WORK ORDER — For the copy, please give all of the data again exactly and leave the pictures out.

....

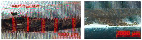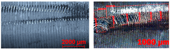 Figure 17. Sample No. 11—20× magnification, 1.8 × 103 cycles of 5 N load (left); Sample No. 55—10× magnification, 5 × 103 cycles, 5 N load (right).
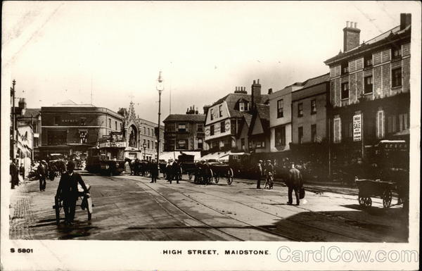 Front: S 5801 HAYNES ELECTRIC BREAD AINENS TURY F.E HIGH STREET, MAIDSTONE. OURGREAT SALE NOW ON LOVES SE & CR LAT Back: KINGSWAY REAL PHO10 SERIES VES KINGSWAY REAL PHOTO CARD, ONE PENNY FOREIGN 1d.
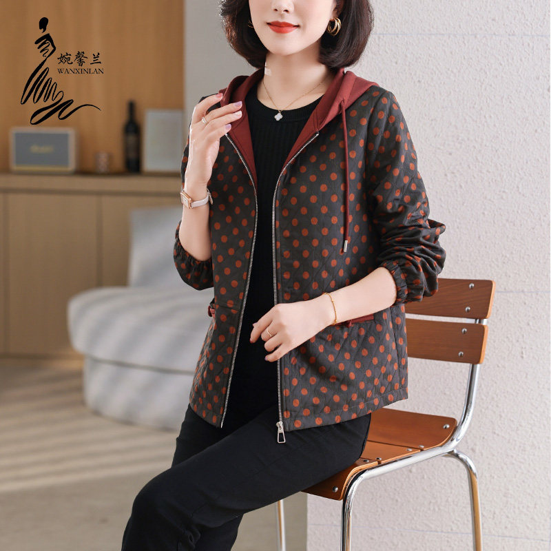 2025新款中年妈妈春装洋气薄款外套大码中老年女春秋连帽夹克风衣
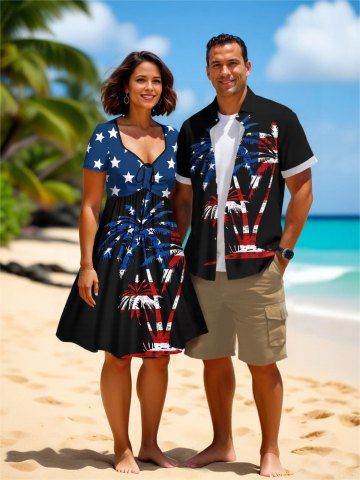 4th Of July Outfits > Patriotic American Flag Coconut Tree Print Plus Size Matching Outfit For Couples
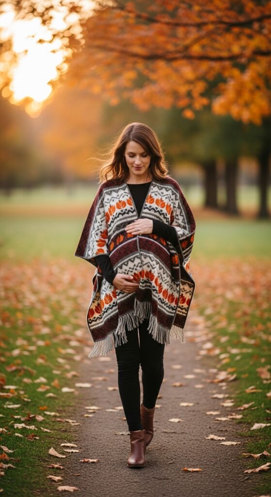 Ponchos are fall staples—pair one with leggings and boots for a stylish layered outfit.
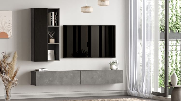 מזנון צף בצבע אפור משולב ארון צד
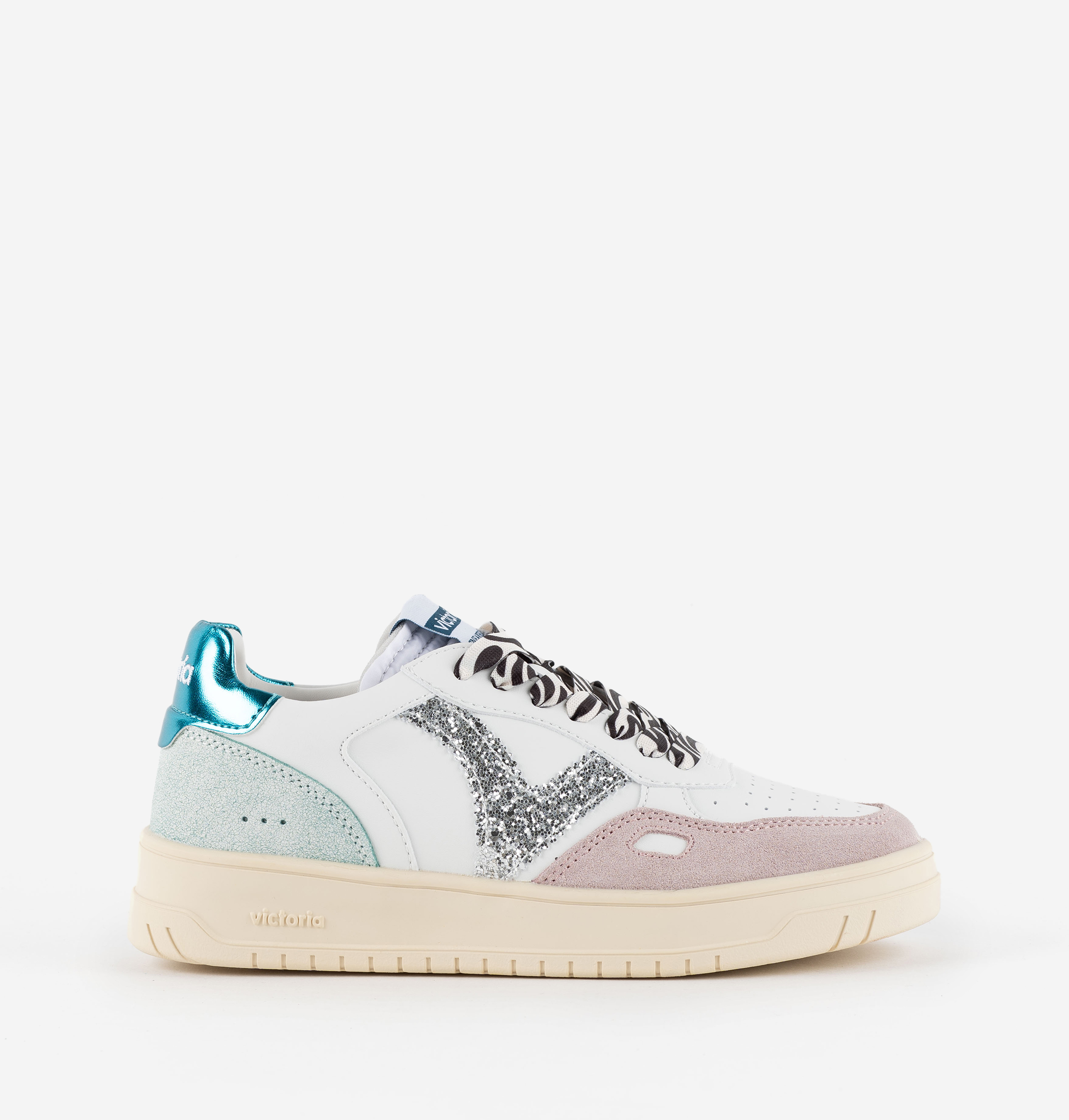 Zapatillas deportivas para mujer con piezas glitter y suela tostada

....

ANSWER BOX —
 Figure 17. Sample No. 11—20× magnification, 1.8 × 103 cycles of 5 N load (left); Sample No. 55—10× magnification, 5 × 103 cycles, 5 N load (right).
 Front: S 5801 HAYNES ELECTRIC BREAD AINENS TURY F.E HIGH STREET, MAIDSTONE. OURGREAT SALE NOW ON LOVES SE & CR LAT Back: KINGSWAY REAL PHO10 SERIES VES KINGSWAY REAL PHOTO CARD, ONE PENNY FOREIGN 1d.
 2025新款中年妈妈春装洋气薄款外套大码中老年女春秋连帽夹克风衣
 4th Of July Outfits > Patriotic American Flag Coconut Tree Print Plus Size Matching Outfit For Couples
 Ponchos are fall staples—pair one with leggings and boots for a stylish layered outfit.
 מזנון צף בצבע אפור משולב ארון צד
 Zapatillas deportivas para mujer con piezas glitter y suela tostada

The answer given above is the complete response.